Other steps will likely be required. To help determine which ones, European investigators should interview Mr. Manafort to be sure they fully understand he pimped out politicians on both sides of the Atlantic. He will be easy to find; for the next few years the U.S. Bureau of Prisons will have his cell number. And under his plea agreement he must tell law enforcement authorities if he hopes to walk out of jail rather than leave in a casket.
The EU and several European governments have been victims of Manafort’s deceitful acts. They should assert their right under the U.S. Crime Victims Rights Act to appear at his sentencing and urge the judge to consider the harm they suffered through the lies his Super VIP Group spread. Others thinking of filling the void Manafort leaves might think twice if they see a parade of European officials urging Manafort be given a stiff prison sentence for procuring Super VIPs.

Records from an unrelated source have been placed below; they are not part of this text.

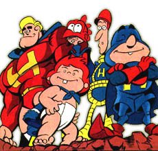 Diaper Man Identity/Class: Unknown Occupation: Baby, later accountant Affiliations: Member of the Mighty Heroes; later member of 'Man, Man, Man, Man, & Man: Certified Mighty Accounting Firm" Enemies: The Enlarger, The Shrinker, The Ghost Monster, The Frog, The Shocker, The Raven, The Monsterizer, The Scarecrow, The Timekeeper Known Relatives: None Aliases: Plastic Training Pants Man Base of Operations: Unknown First Appearance: The Mighty Heroes Episode #1 "The Plastic Builder" (Terrytoons, October 29th 1966) Powers/Abilities: Able to fly, hits enemies with his bottle. This bottle could be used as a throwing weapon, and the extremely elastic dummy at the top could be used to wrap the bottle around objects for retrieval or as a slingshot. The milk in it had rejuvenating properties, and was used to boost Strong Man's strength on more than one occasion. He could wail like a baby (usually under covers), which distracted villians into looking who could leave a little baby along, leading into a sucker punch. History: Unknown Comments: The brains of the Mighty Heroes. As an adult in Ralph Bakshi's version of Mighty Mouse, the adult Diaper Man looked identical to his younger self, except that he had a moustache. He called himself "Plastic Training Pants Man". |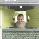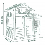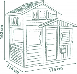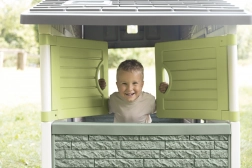 Kinderen kunnen spelen in het ruime huisje met een hoogte van meer dan 1,5 meter, dat te openen ramen, een deur met kijkvenster en een brievenbus bevat. De sobere kleuren in natuurlijke tinten passen in elke tuin.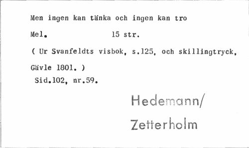 //// Men ingen kan tänka och ingen kan tro Mel. 15 str. //// ( Ur Svanfeldts visbok, s.125, och skillingtryck, //// Gävle 1801. ) Sid.102, nr.59. //// Hedernann/ Zetterholm ////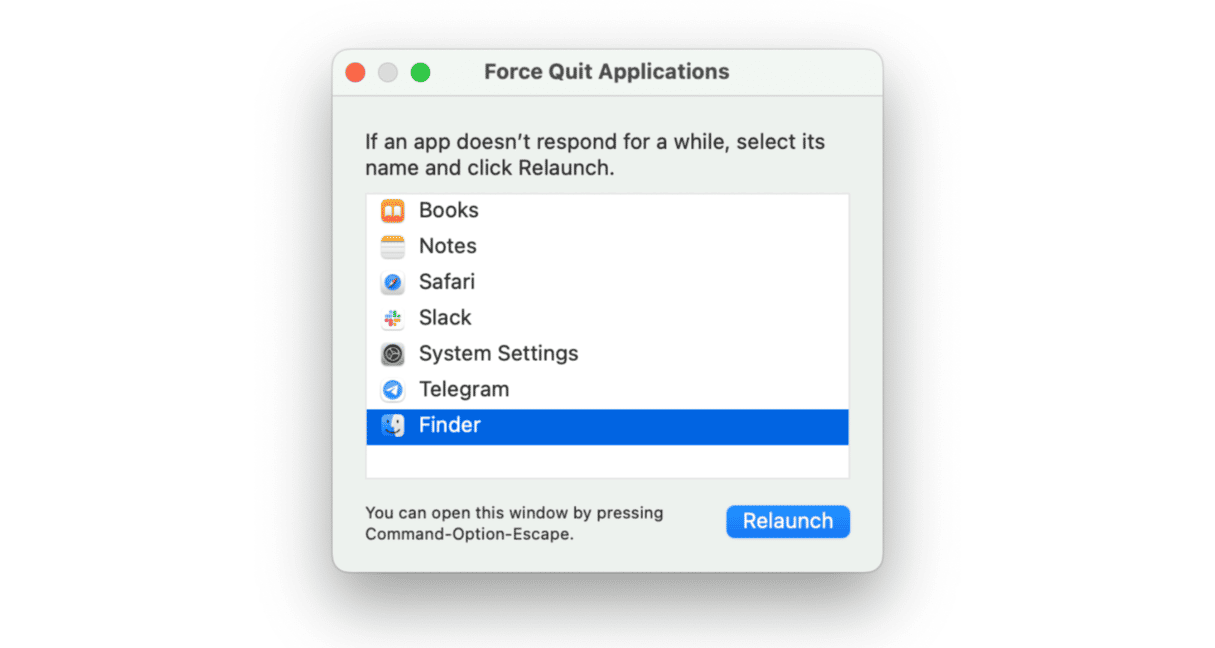 有時,Finder 可能會遇到問題,並使問題看起來像是出現了更嚴重的問題。您可以重新啟動 Finder 來修復它。有幾種方法可以做到這一點: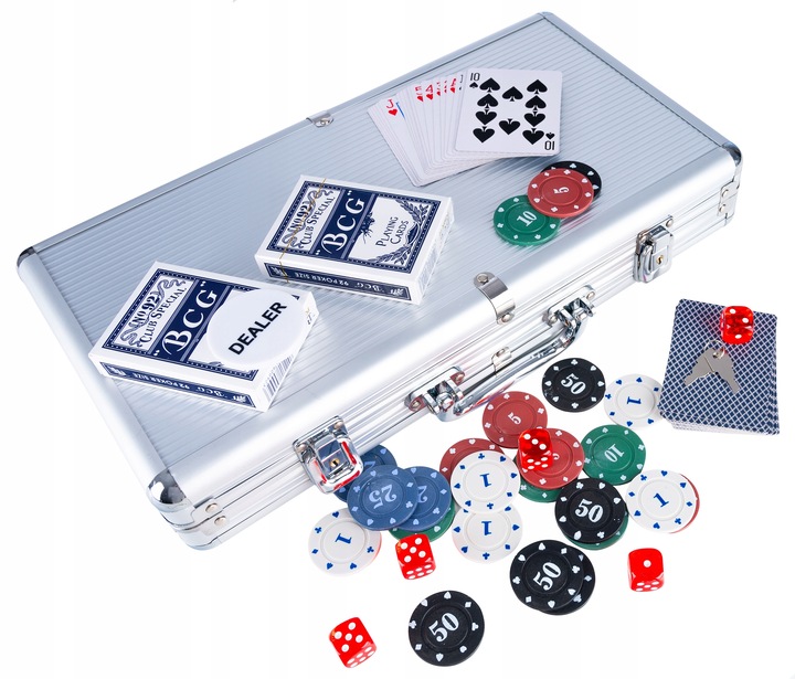 Профессиональный, надежно сделанный набор для игры в покер или кости. Включает две колоды карт, набор игральных костей и 300 игровых жетонов, упакованных в элегантный чемодан. В наборе есть все необходимое для игры, как в настоящем казино.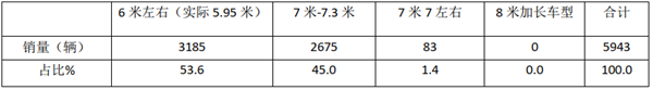 上表可见,在2022年前6月考斯特客车销量结构中,6米长度段考斯特客车销量占比超半壁江山(53.6%),为最大,其次7米-7.3米段占比45.0%,再次是7米7长度段,占比1.4%,最小的是8米加长段,占比0%。这是为何?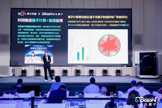2023年5月,玻色量子与清大科越股份有限公司(简称“清大科越”)在“量子+电力”领域达成深入合作,基于电力行业的实际场景与业务需求,共同打造基于光量子计算的电力能源领域实用型场景解决方案。北京清大科越股份有限公司副总裁郭梦婕代表清大科越在现场发表了案例宣讲。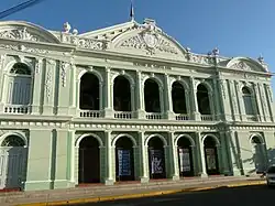 Between 1890 and 1899, more than 6,500 Italians arrived in the country, the vast majority arriving at the port of Libertad, and among them several architects and other Italian professionals arrived, such as those who built the Teatro de Santa Ana in Santa Ana. In 1890, in fact, the construction of the Theater was entrusted to the company Sociedad Constructora de Occidente, directed by the Italian architects Francesco Durini Vasalli and Cristóbal Molinari.[16] In turn, the Italian artists Luis Arcangeli and Guglielmo Arone were hired. The theater's original curtain was in the Modernisme style, created by the Italian artist Antonio Rovescalli. Many other Italians have built various palaces and monuments in El Salvador.[2][1] In fact, in the country there are many churches and houses of Italian style, an example is the Iglesia del Calvario in Santa Ana, which was built and designed with the support of the Italians.[17]
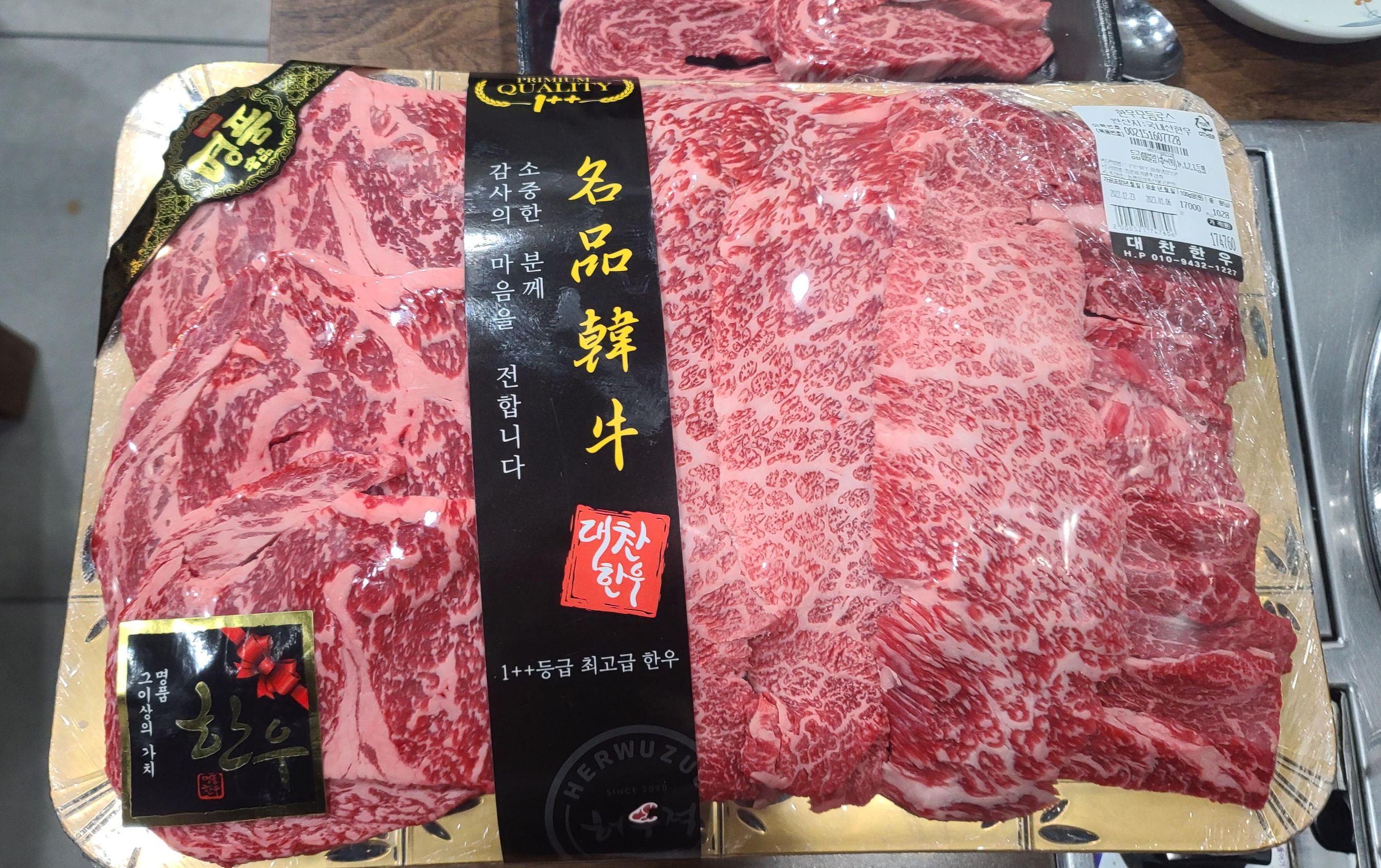 꽃등심과 새우살, 안창 등 1++ 등급으로만 소고기를 주문하고 구워먹겠다고 하니 2층에 매장으로 올라가라고 하십니다. 덤으로 차돌박이를 챙겨주시는 것도 잊지 않으시는 센스를 보니 시장의 인심을 느끼게 됩니다.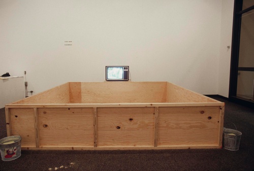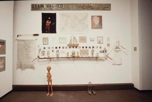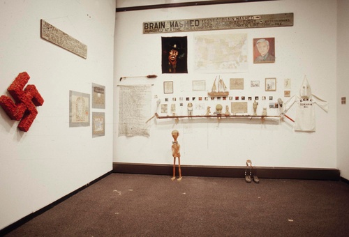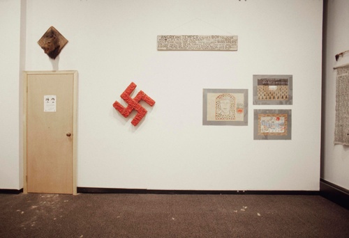 The other half of the Possumhead installation related directly to the artist’s personal life and drew from autobiographical sources. Some of the photographs and assorted paraphernalia related to dogfighting, while others were records of people, places and events in the artist’s life. Still others were simply evidence of Mann’s own black humor and fascination with things which menace, threaten and intimidate: the bizarre, the mystical, the violent. A videotape featured in the installation documented a two and half hour dogfight which took place in Commanche, Oklahoma. The artist has been fascinated by this illegal sport and kept several pit bull terriers of his own, training them and entering them in matches across the country.

Europe has shown already it is alert to secret propagandizing of behalf of despicable governments and that it will sanction those involved. See the response to Azerbaijan’s “caviar diplomacy.” As a Council of Europe report shows, for years that nation’s government had muffled criticism of its authoritarian, anti-democratic rule by covertly providing selected European MPs with thousands of euros worth of caviar, luxury travel, and other pricey gifts. But this Manafort-like scheme backfired when exposed by European NGOs. The Azerbaijan government’s secret purchase of influence has put it under a dark could, and the MPs its caviar bought are under investigation or already sanctioned.
Paul Manafort’s plea most certainly ends his career of creating Super VIP Groups, of Europeans or others. But so long as there are governments run by the likes of Victor Yanukovych, there will be other Paul Manaforts willing to shill for them and other Super VIPs waiting to betray their principles for a price. Time to make that sales price public.
(The documents recounting the Hapsburg Group’s activities are reproduced in the 117-page filing referenced above. For ease of reference, links to each are below.)
Very interesting article. This issue has gone pretty much under the radar in Europe. Small observation re the Azerbaijan case. It had nothing to do with European MPs (elected members with the Parliament of the European Union), but national MPs appointed to the PACE (Parliamentary Assembly to the Council of Europe), of which Azerbaijan is actually a member. Interestingly, there was no restriction in the Code of Conduct of members of PACE on gifts as the assumption was always that being national MPs domestic rules would deal with that. The twist was that if the “gift” was received as a member of PACE in exchange for actions in PACE there was no violation of domestic rules in some of the countries.